2008-12-09 Thread Robert Osfield
Hi Robert,

On Tue, Dec 9, 2008 at 5:31 PM, Sukender [EMAIL PROTECTED] wrote:
 That may require another thread, but I also have a question that may sound 
 crazy at first: why not hiring people so that OSG's deployment, testing, 
 packaging, and more are centralized, systematic and well tested? And why not 
 calling for donations to have enough money for that? Maybe this would bring 
 OSG to be more industrialized (in the good way of the term ;) )?...

Another off topic

It would nice if we could raise the money for a team, but I don't
think one could do it out of donations.  We are talking about need to
raise $USD 50k to 100k a year to bring on dedicated staff, I can't
image us pulling in this type of donation each year.  For fixed such
salary costs you need a regular income to pay it, which points to a
subscriptions model.

Support contracts would fit the requirement of regular income.

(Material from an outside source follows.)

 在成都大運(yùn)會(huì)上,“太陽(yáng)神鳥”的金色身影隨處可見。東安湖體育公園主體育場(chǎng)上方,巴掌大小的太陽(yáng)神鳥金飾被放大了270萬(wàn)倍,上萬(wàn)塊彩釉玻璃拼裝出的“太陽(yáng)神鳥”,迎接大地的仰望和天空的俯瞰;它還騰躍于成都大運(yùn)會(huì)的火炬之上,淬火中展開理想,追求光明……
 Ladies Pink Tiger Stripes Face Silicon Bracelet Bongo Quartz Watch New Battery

I do
have a few clients on professional support, but the number is high
enough to employ other engineers, as it only a fraction of my yearly
income - the bulk of my income is for bespoke development projects,
but these don't directly fund general project admin but they
effectively enable me volunteering me time on the unpaid aspect to
project work.  Such funding doesn't stretch to employing others.

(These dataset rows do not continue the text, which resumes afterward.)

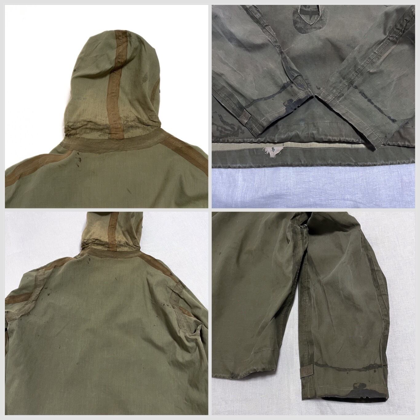 【Condition】各所に汚れ、フードドローコード出口にダメージ、襟元コードと左袖口アジャスターに変更、スレキズが裾にございます。着用感は強めになりますが非常に良い雰囲気の1着です。
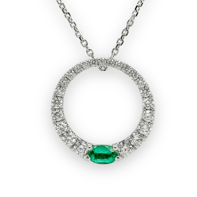 This sophisticated pendant has classic appeal, as a chic open-space circle pendant plays host to a stunning .25ctw oval emerald and .55ctw round brilliant-cut diamonds that sparkle. Its robust gemstone color and refined style will provide the perfect finishing touch to your everyday dress. Crafted in 14kt white gold and hangs from a 16″ cable chain with lobster clasp.
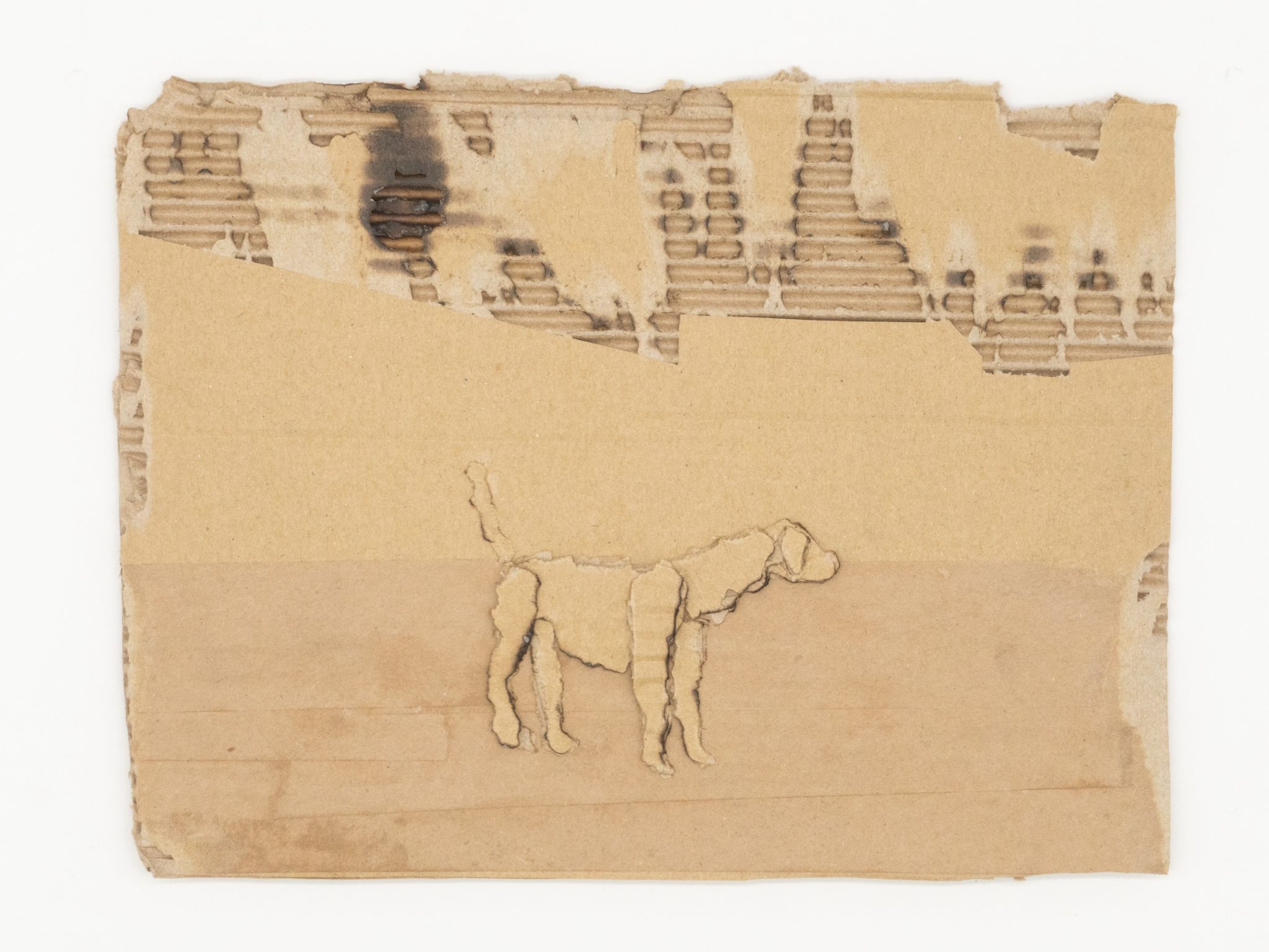 The Dogs (Burnt Hole), 2025, cardboard, 20 × 26 cm. Courtesy the artist and Shanghart, Singapore
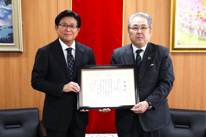 企業版ふるさと納税の寄付を行うため市役所を訪れた株式会社Kyuホールディングスの廣島代表取締役社長兼CEOと市長
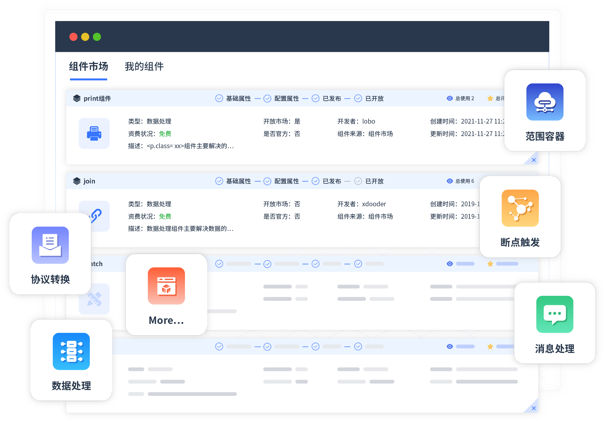 针对集成场景,,,,,,,,,小微钱包提供组件市场,,,,,,例如协议转换、、、、、、、、、、、消息处理、、、、、文件操作等。。。。。。。。。。。。。除平台提供的组件外,,,,,,,客户可以自定义所需组件。。。。。。。。。。。。

One could look to converting more commercial OSG users to pay for
support, but we'd have to have a ten fold increase in the number of
support contracts to pay for one engineer fulltime.

Scaling funding is hard.  What is more practical is leveraging a bit
of time from a number of different osg users.  This is effectively
what we do right now, although not always as effectively and
consistently as is desirable in terms of getting binaries and
dependencies out regularly.

Any further discussion about funding reallys needs to pulled into a
separate thread.

Robert.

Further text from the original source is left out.